* **BRIEF**:
Your task is to copy the listing exactly, with the pictures left out.

* **GIVEN MATERIAL**:
****

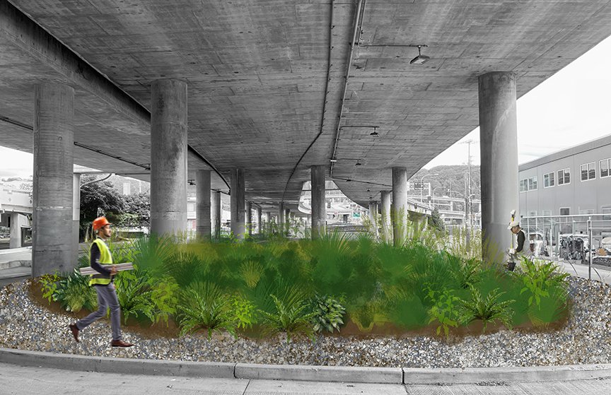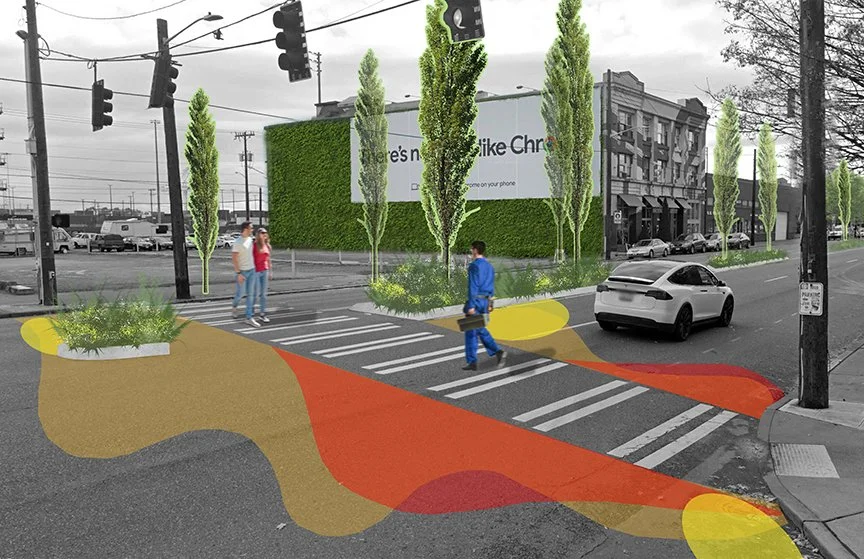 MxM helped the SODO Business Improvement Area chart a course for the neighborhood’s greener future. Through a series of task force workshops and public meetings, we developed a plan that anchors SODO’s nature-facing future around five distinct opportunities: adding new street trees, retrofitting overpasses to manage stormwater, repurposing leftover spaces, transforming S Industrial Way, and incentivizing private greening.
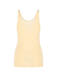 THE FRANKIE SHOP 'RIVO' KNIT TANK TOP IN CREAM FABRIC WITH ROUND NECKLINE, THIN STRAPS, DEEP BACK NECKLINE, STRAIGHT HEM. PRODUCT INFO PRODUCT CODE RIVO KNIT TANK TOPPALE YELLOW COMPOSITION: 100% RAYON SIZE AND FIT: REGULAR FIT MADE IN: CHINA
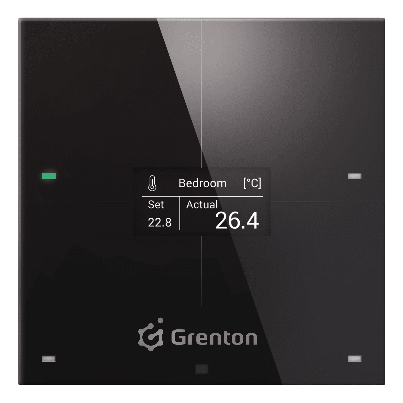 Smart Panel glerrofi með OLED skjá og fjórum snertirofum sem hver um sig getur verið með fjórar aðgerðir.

****

* **SOLUTION**:
 MxM helped the SODO Business Improvement Area chart a course for the neighborhood’s greener future. Through a series of task force workshops and public meetings, we developed a plan that anchors SODO’s nature-facing future around five distinct opportunities: adding new street trees, retrofitting overpasses to manage stormwater, repurposing leftover spaces, transforming S Industrial Way, and incentivizing private greening.
 THE FRANKIE SHOP 'RIVO' KNIT TANK TOP IN CREAM FABRIC WITH ROUND NECKLINE, THIN STRAPS, DEEP BACK NECKLINE, STRAIGHT HEM. PRODUCT INFO PRODUCT CODE RIVO KNIT TANK TOPPALE YELLOW COMPOSITION: 100% RAYON SIZE AND FIT: REGULAR FIT MADE IN: CHINA
 Smart Panel glerrofi með OLED skjá og fjórum snertirofum sem hver um sig getur verið með fjórar aðgerðir.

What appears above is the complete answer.